> _Given information_:
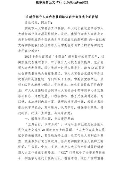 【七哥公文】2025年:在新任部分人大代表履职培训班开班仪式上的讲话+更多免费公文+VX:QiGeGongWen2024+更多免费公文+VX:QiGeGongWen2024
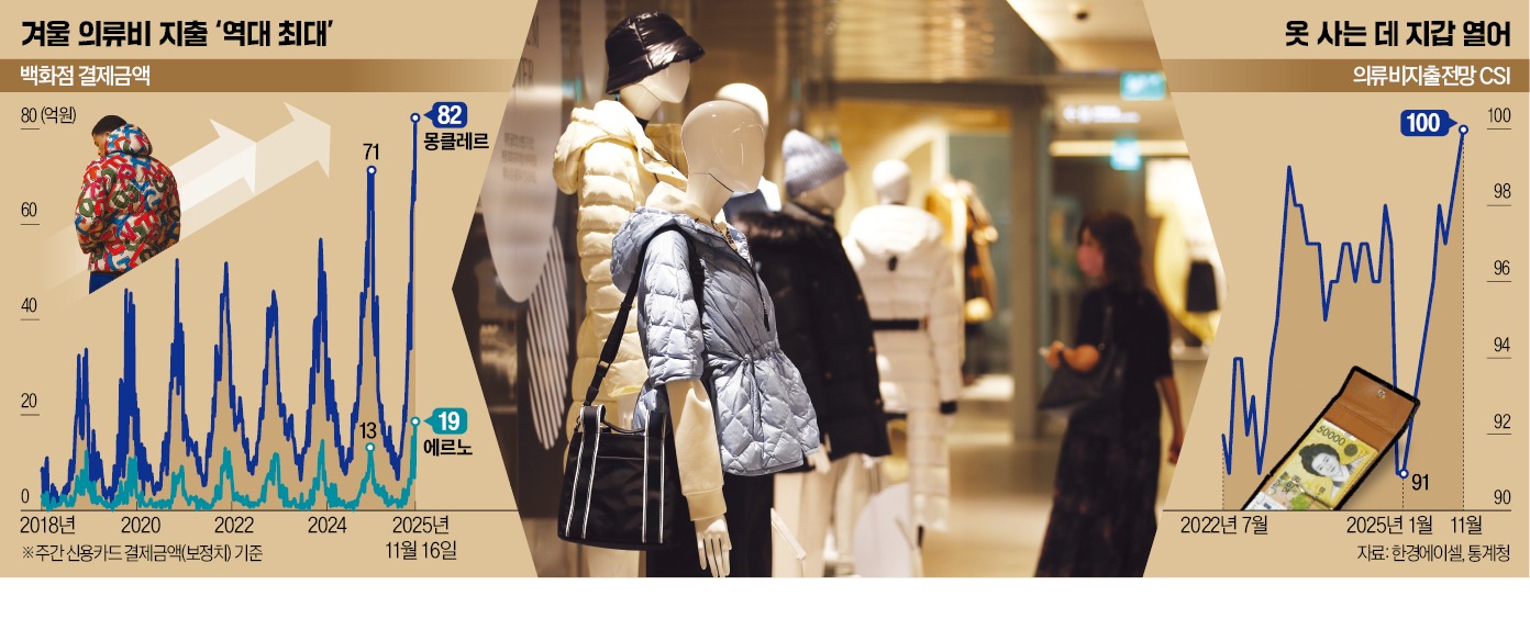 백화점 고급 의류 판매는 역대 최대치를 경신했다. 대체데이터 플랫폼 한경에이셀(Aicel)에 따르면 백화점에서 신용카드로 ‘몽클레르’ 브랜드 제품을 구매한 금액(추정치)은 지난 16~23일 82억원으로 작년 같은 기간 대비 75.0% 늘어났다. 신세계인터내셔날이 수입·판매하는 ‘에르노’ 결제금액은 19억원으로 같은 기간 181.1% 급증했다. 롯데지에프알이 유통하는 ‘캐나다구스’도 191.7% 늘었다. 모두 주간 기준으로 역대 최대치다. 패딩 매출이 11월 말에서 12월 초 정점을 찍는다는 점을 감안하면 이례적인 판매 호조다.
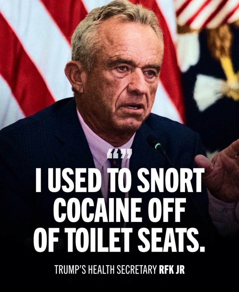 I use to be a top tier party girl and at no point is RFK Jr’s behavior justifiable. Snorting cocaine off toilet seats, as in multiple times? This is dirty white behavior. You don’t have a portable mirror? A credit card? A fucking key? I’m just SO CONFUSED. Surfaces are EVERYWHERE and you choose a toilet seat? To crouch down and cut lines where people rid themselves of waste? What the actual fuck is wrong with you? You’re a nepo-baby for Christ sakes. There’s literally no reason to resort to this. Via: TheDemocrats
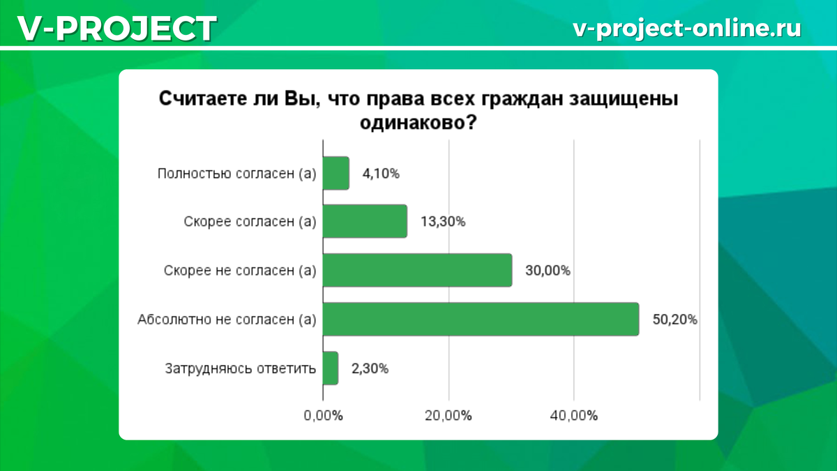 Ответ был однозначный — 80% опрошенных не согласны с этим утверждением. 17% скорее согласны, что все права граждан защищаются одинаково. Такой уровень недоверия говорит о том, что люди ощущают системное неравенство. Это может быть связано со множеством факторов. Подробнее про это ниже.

> _Task statement_: Apart from the pictures, the material above has to be repeated exactly.

> _Output below_:
 【七哥公文】2025年:在新任部分人大代表履职培训班开班仪式上的讲话+更多免费公文+VX:QiGeGongWen2024+更多免费公文+VX:QiGeGongWen2024
 백화점 고급 의류 판매는 역대 최대치를 경신했다. 대체데이터 플랫폼 한경에이셀(Aicel)에 따르면 백화점에서 신용카드로 ‘몽클레르’ 브랜드 제품을 구매한 금액(추정치)은 지난 16~23일 82억원으로 작년 같은 기간 대비 75.0% 늘어났다. 신세계인터내셔날이 수입·판매하는 ‘에르노’ 결제금액은 19억원으로 같은 기간 181.1% 급증했다. 롯데지에프알이 유통하는 ‘캐나다구스’도 191.7% 늘었다. 모두 주간 기준으로 역대 최대치다. 패딩 매출이 11월 말에서 12월 초 정점을 찍는다는 점을 감안하면 이례적인 판매 호조다.
 I use to be a top tier party girl and at no point is RFK Jr’s behavior justifiable. Snorting cocaine off toilet seats, as in multiple times? This is dirty white behavior. You don’t have a portable mirror? A credit card? A fucking key? I’m just SO CONFUSED. Surfaces are EVERYWHERE and you choose a toilet seat? To crouch down and cut lines where people rid themselves of waste? What the actual fuck is wrong with you? You’re a nepo-baby for Christ sakes. There’s literally no reason to resort to this. Via: TheDemocrats
 Ответ был однозначный — 80% опрошенных не согласны с этим утверждением. 17% скорее согласны, что все права граждан защищаются одинаково. Такой уровень недоверия говорит о том, что люди ощущают системное неравенство. Это может быть связано со множеством факторов. Подробнее про это ниже.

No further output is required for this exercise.